Input data:

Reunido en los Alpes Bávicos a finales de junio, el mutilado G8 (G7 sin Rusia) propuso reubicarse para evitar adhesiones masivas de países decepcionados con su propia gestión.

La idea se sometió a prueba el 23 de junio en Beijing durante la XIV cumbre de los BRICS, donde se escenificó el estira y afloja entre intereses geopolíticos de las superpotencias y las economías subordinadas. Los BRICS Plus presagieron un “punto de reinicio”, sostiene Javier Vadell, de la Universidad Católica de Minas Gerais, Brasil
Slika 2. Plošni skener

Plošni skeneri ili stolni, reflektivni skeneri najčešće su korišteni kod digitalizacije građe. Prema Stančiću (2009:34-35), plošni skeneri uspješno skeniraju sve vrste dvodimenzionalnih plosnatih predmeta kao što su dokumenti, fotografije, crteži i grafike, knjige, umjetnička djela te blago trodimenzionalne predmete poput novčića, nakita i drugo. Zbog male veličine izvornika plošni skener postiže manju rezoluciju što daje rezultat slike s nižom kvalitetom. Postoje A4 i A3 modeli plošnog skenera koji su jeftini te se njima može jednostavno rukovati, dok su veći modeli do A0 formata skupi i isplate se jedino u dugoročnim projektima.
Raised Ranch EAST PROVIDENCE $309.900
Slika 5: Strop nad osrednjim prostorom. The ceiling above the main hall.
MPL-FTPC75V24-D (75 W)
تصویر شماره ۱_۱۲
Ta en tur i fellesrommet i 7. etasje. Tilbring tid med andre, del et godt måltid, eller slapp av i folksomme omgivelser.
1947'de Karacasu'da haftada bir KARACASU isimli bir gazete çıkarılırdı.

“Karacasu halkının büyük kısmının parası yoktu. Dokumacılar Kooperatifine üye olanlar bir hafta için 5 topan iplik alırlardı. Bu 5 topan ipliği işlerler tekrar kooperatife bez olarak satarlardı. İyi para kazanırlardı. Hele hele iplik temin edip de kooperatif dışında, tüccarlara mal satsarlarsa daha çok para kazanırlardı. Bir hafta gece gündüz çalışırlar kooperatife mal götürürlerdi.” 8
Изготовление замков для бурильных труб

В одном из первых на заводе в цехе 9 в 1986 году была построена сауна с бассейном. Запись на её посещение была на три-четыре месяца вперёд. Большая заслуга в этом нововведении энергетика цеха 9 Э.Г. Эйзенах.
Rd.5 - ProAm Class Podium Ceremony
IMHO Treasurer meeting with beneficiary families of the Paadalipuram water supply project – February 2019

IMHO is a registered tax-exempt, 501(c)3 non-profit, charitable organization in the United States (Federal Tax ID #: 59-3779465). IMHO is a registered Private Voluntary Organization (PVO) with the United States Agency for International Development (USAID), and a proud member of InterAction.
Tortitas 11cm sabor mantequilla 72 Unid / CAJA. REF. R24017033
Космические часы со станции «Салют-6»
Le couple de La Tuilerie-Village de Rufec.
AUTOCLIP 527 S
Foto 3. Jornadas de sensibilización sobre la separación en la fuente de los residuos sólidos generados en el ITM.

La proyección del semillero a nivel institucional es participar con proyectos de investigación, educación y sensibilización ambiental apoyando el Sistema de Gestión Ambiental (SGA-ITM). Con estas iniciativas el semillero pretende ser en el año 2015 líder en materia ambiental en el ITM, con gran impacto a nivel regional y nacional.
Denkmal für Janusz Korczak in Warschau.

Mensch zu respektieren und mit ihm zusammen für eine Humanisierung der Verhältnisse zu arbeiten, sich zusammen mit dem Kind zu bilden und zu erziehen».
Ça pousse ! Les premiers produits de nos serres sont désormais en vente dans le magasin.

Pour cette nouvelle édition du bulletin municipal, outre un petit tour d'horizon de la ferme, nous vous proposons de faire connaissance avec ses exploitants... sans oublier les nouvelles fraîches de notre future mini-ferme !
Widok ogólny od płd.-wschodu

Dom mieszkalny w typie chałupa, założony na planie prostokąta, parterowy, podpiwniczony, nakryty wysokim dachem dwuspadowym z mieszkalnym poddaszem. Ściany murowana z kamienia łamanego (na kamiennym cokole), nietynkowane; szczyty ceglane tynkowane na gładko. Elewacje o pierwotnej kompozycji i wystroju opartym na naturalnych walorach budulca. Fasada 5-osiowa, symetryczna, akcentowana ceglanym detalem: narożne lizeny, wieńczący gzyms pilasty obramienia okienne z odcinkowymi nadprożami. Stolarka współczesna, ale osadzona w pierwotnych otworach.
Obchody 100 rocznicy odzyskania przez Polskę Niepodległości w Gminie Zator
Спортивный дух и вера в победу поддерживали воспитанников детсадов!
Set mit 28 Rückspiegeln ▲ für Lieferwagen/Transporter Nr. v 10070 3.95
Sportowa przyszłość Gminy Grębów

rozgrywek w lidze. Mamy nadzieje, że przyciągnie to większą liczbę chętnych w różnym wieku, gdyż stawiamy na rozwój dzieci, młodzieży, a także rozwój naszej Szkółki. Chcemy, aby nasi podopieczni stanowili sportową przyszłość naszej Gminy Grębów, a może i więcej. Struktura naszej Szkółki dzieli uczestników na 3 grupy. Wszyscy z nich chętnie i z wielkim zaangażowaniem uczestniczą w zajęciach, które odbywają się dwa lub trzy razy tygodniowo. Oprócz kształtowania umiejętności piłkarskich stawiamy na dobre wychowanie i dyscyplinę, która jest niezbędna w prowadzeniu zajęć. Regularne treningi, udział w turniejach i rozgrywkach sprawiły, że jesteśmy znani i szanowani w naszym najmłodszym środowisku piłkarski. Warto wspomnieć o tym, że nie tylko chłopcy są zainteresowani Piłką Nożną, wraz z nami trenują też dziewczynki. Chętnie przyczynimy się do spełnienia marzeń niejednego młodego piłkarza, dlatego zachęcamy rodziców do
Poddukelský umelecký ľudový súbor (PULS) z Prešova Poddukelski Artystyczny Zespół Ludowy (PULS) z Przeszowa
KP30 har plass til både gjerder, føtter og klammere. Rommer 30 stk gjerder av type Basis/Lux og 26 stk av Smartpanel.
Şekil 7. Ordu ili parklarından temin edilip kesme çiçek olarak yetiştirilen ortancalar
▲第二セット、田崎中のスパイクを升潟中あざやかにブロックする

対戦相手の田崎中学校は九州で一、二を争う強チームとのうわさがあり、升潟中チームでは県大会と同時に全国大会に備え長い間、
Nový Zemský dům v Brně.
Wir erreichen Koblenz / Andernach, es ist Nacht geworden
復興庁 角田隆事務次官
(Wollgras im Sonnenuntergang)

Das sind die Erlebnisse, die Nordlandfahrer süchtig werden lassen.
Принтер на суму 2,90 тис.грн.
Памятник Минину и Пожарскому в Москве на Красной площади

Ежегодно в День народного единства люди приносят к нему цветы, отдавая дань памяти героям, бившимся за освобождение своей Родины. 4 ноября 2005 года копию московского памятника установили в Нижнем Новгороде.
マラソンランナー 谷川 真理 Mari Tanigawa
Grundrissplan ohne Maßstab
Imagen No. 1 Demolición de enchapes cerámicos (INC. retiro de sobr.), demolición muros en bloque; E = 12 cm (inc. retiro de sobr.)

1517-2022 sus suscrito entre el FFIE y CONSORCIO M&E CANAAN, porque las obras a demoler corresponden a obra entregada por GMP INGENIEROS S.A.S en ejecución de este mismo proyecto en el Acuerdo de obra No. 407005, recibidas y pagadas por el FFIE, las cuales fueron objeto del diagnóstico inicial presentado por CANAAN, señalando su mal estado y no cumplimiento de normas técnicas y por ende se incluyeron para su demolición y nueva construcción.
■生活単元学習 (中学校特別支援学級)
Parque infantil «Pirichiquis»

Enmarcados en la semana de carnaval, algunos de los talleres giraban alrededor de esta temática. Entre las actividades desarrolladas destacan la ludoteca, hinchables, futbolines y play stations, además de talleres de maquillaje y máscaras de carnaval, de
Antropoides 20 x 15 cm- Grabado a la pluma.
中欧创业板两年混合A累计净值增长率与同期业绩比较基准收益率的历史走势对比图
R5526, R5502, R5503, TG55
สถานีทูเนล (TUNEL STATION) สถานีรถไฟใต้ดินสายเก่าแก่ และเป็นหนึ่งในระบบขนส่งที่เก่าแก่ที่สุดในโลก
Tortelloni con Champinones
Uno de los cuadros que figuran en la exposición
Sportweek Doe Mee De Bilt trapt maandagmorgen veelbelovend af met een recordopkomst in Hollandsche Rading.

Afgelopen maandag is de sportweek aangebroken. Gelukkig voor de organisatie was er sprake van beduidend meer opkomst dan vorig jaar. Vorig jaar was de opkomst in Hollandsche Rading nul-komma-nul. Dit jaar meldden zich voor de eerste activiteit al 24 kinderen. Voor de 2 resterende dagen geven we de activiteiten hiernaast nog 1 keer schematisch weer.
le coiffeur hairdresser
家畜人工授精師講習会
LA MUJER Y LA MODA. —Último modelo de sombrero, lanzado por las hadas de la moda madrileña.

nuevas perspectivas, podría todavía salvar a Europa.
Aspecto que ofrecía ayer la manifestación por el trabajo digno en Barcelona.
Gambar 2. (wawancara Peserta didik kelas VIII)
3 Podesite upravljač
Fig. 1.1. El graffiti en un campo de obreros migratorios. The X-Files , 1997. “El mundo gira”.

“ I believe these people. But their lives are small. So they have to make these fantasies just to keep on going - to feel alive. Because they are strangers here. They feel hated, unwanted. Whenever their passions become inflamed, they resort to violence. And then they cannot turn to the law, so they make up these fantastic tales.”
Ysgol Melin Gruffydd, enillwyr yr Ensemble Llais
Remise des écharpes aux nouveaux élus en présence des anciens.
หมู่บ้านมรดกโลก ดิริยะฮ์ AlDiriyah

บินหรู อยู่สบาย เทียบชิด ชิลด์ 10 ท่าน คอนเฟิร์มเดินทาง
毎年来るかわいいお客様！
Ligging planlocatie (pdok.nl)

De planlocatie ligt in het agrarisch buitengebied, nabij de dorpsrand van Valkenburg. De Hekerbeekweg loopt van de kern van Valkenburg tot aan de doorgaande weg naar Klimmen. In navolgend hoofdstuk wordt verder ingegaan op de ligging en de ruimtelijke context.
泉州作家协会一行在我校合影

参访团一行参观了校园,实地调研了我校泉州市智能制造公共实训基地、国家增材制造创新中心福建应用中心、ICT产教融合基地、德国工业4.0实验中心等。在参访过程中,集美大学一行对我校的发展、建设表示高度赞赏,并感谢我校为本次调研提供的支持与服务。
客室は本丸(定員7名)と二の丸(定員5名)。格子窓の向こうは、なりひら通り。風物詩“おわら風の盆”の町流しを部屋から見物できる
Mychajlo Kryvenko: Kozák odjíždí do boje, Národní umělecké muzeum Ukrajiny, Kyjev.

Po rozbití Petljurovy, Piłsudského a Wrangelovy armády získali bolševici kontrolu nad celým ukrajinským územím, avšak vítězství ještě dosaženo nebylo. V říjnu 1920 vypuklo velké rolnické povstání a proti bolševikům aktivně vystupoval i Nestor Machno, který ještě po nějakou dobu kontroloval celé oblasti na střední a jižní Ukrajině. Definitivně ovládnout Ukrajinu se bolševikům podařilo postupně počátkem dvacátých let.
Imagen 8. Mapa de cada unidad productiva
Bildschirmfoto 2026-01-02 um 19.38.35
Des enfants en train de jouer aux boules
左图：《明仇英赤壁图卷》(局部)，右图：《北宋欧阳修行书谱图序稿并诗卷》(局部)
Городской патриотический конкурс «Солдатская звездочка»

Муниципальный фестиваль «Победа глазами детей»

Your objective: Output each line exactly, from the first line of the data down to the line that contains "Slika 2. Plošni skener", both included.

Final answer:
Reunido en los Alpes Bávicos a finales de junio, el mutilado G8 (G7 sin Rusia) propuso reubicarse para evitar adhesiones masivas de países decepcionados con su propia gestión.

La idea se sometió a prueba el 23 de junio en Beijing durante la XIV cumbre de los BRICS, donde se escenificó el estira y afloja entre intereses geopolíticos de las superpotencias y las economías subordinadas. Los BRICS Plus presagieron un “punto de reinicio”, sostiene Javier Vadell, de la Universidad Católica de Minas Gerais, Brasil
Slika 2. Plošni skener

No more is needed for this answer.